- _Exercise directions_:
Leave the images out and write out each entry exactly as shown.

[Opening Information shown section]

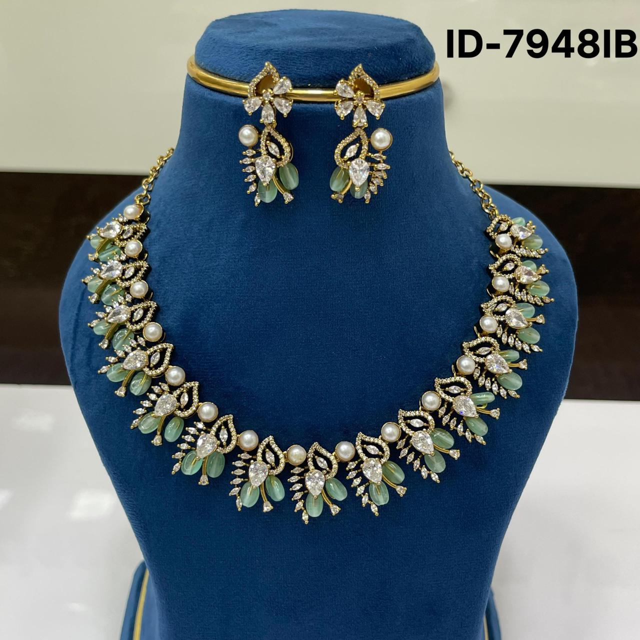 Material - Premium Quality Diamond look-alikePolish – Bright GoldBase Metal - Copper & Brass AlloyStone – Cubic zirconia stones & Pearl beads
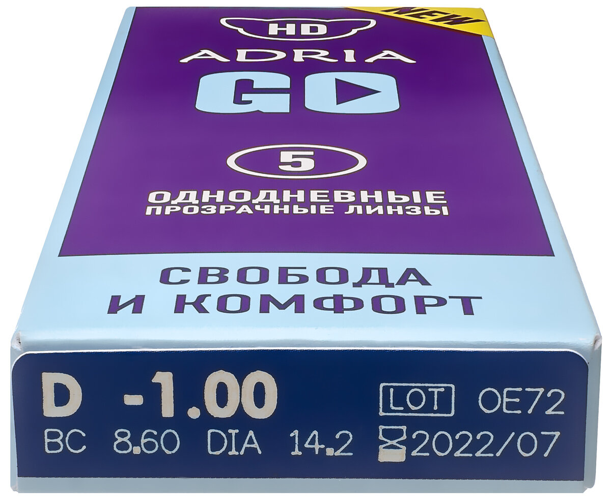 Контактные линзы ADRIA GO, однодневные, -1,00 / 14,2 / 8,6 / 5 шт.
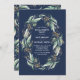 La vegetación dorada fue la bandera azul marino elegante invitaciones a la fiesta de compromiso.
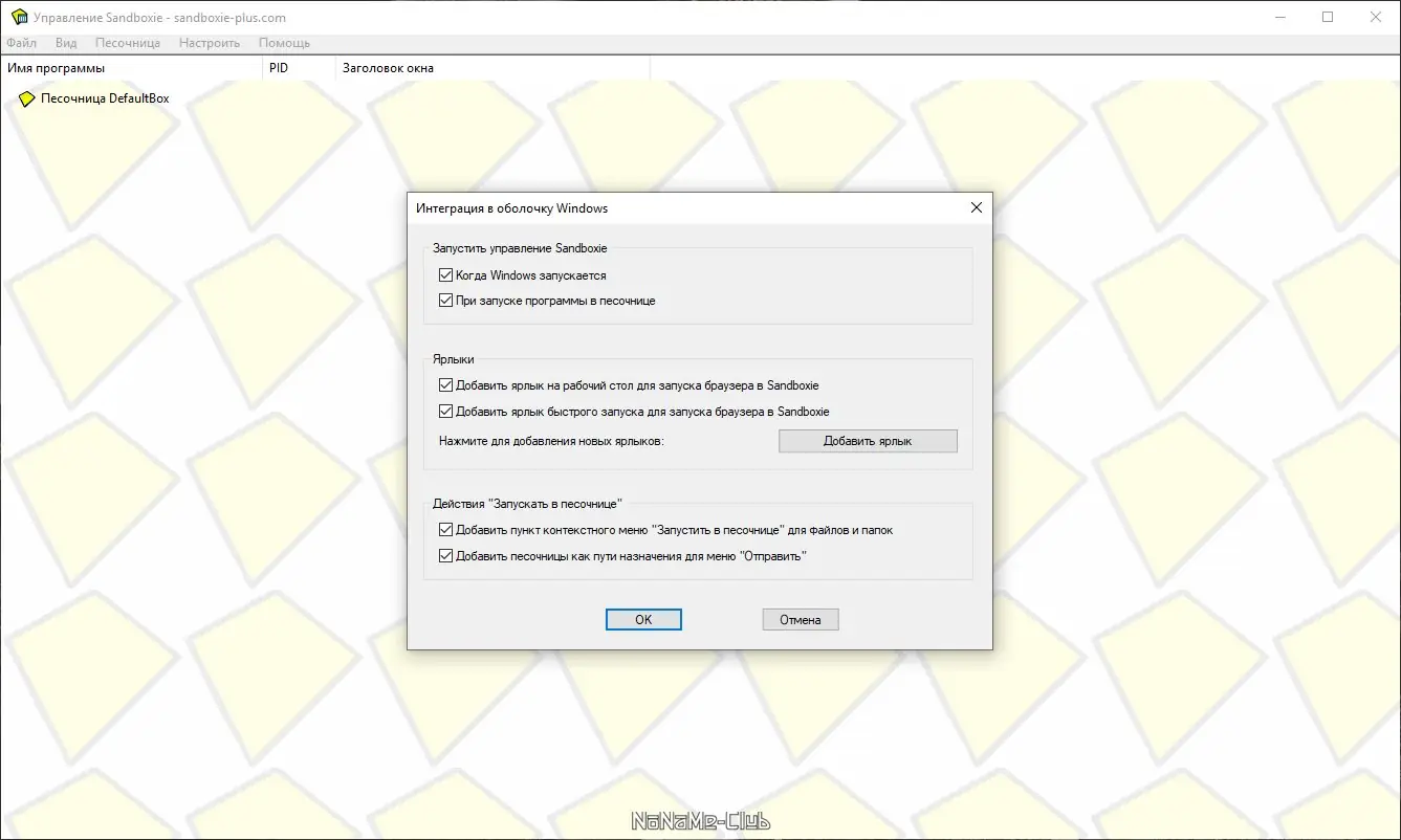 Работа с Sandboxie
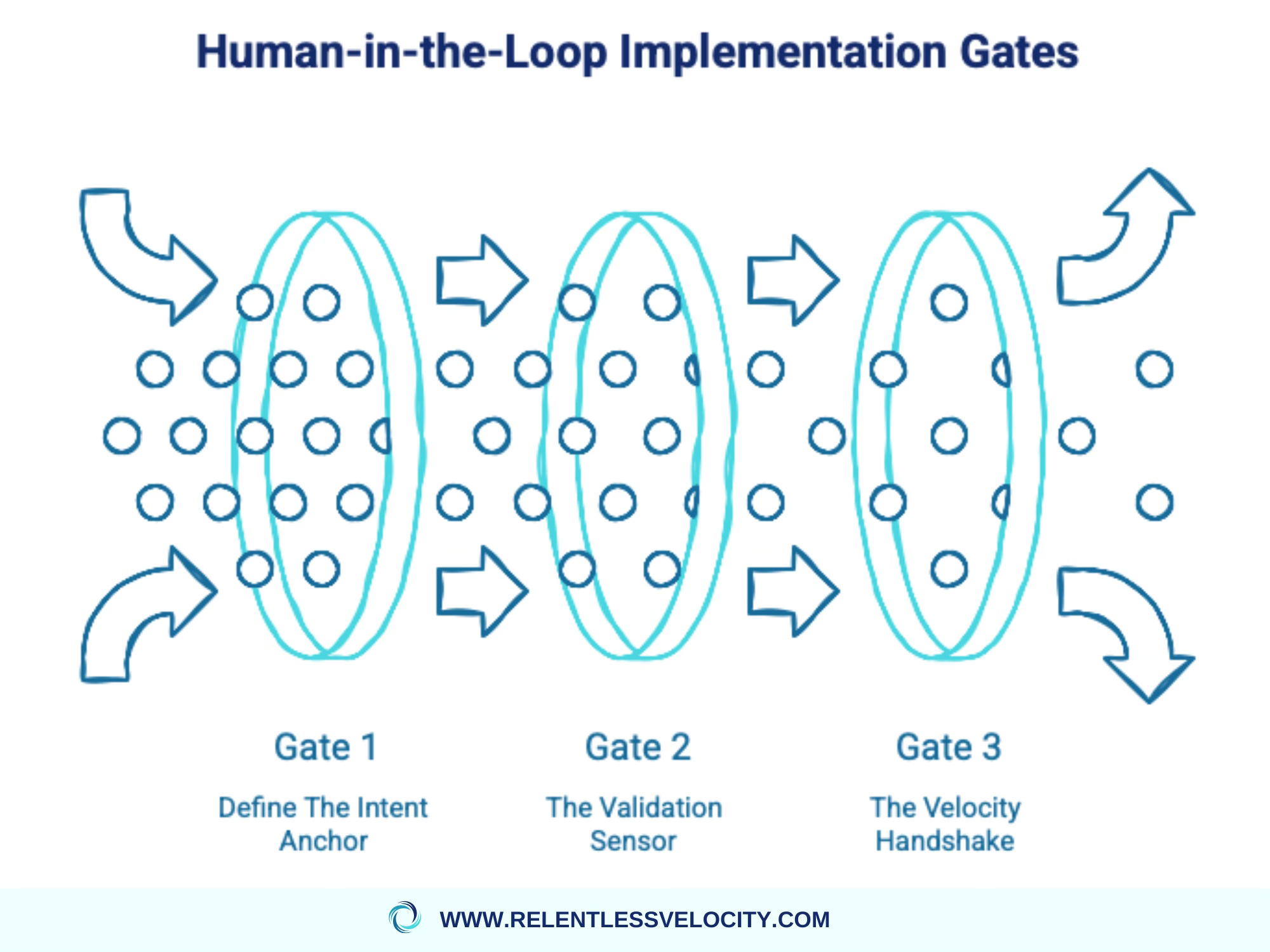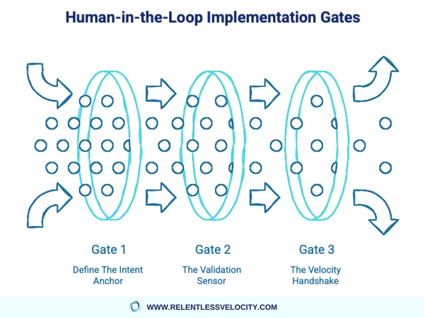 It doesn’t really matter what you’re managing. Overseeing a software development sprint, a global supply chain, or a sales-to-service handover, the minimal implementation of the HITL follows these non-negotiable gates:

[Closing Information shown section]

- _Answer below_:
 Material - Premium Quality Diamond look-alikePolish – Bright GoldBase Metal - Copper & Brass AlloyStone – Cubic zirconia stones & Pearl beads
 Контактные линзы ADRIA GO, однодневные, -1,00 / 14,2 / 8,6 / 5 шт.
 La vegetación dorada fue la bandera azul marino elegante invitaciones a la fiesta de compromiso.
 Работа с Sandboxie
 It doesn’t really matter what you’re managing. Overseeing a software development sprint, a global supply chain, or a sales-to-service handover, the minimal implementation of the HITL follows these non-negotiable gates:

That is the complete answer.